Emotion can reflect the psychological and physiological health of human beings, and the main expression of human emotion is voice and facial expression. How to extract and effectively integrate the two modes of emotion information is one of the main challenges faced by emotion recognition. In this paper, a multi-branch bidirectional multi-scale time perception model is proposed, which can detect the forward and reverse speech Mel-frequency spectrum coefficients in the time dimension.

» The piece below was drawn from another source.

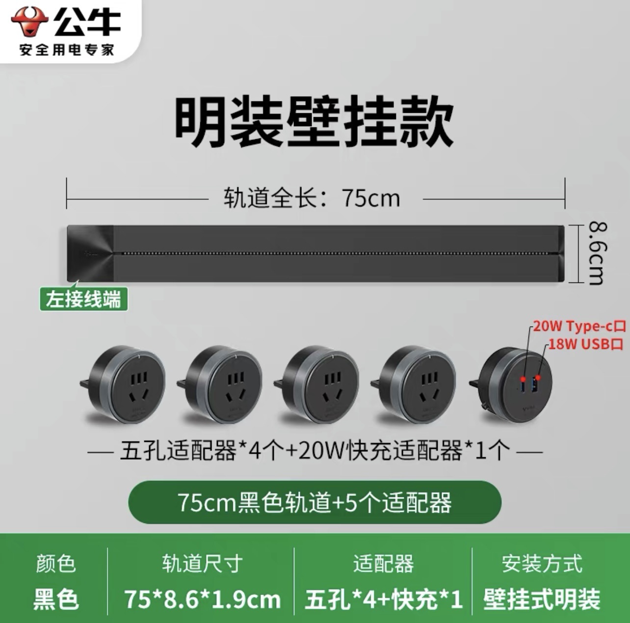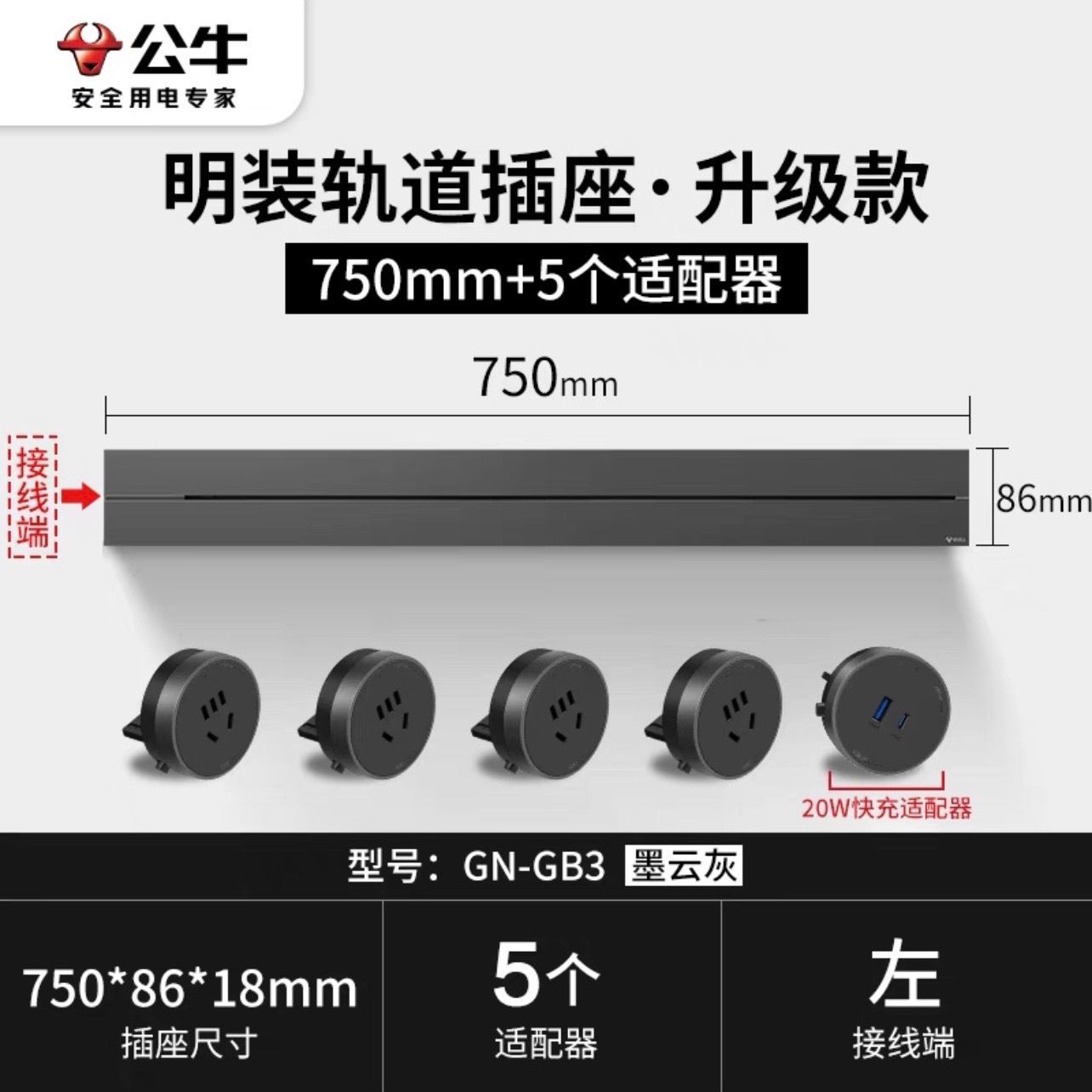 • 마스터 표면 장착 모델 [모윤 그레이] 75cm + 4개의 5홀 + 1개의 20W 고속 충전 USB
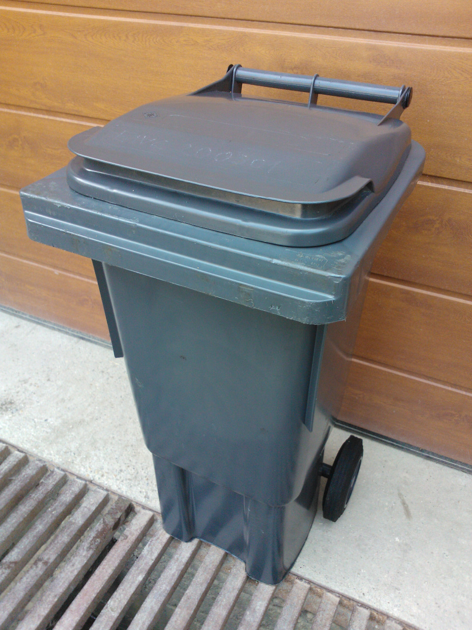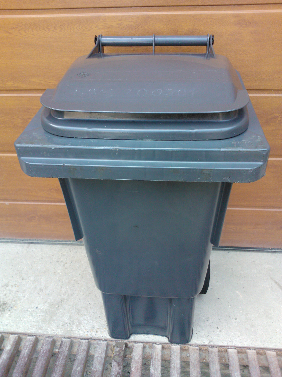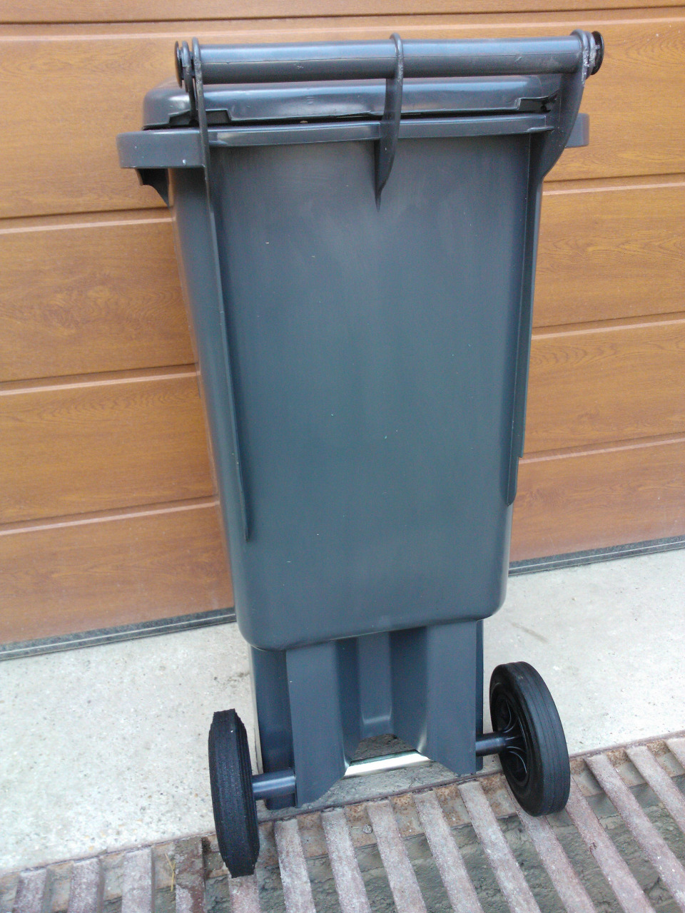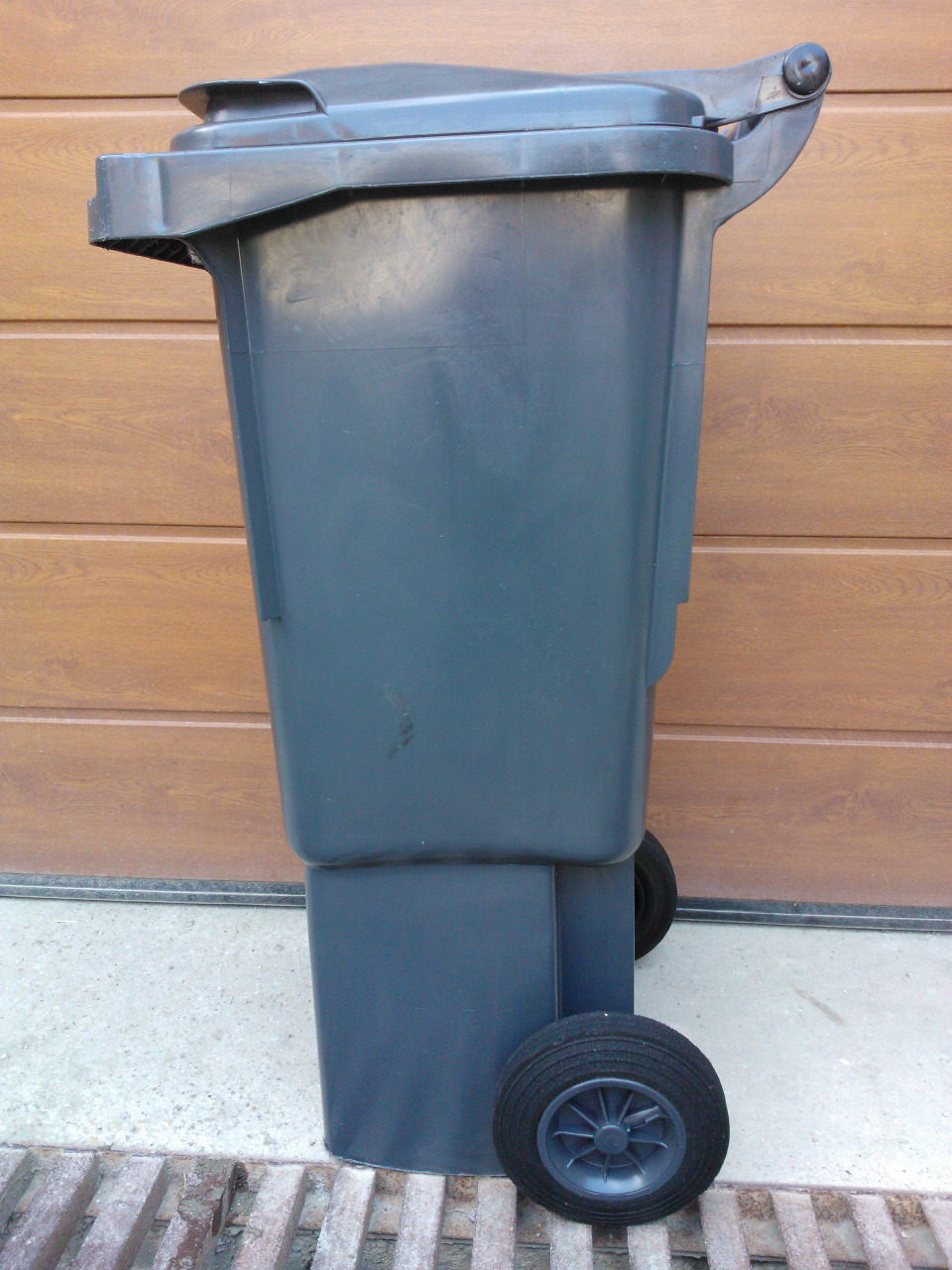 Csapófedeles, szürke, kerekes edény.

At the same time, the model uses causal convolution to obtain temporal correlation information between different scale features, and assigns attention maps to them according to the information, so as to obtain multi-scale fusion of speech emotion features. Secondly, this paper proposes a two-modal feature dynamic fusion algorithm, which combines the advantages of AlexNet and uses overlapping maximum pooling layers to obtain richer fusion features from different modal feature mosaic matrices. Experimental results show that the accuracy of the multi-branch bidirectional multi-scale time sensing dual-modal emotion recognition model proposed in this paper reaches 97.67% and 90.14% respectively on the two public audio and video emotion data sets, which is superior to other common methods, indicating that the proposed emotion recognition model can effectively capture emotion feature information and improve the accuracy of emotion recognition.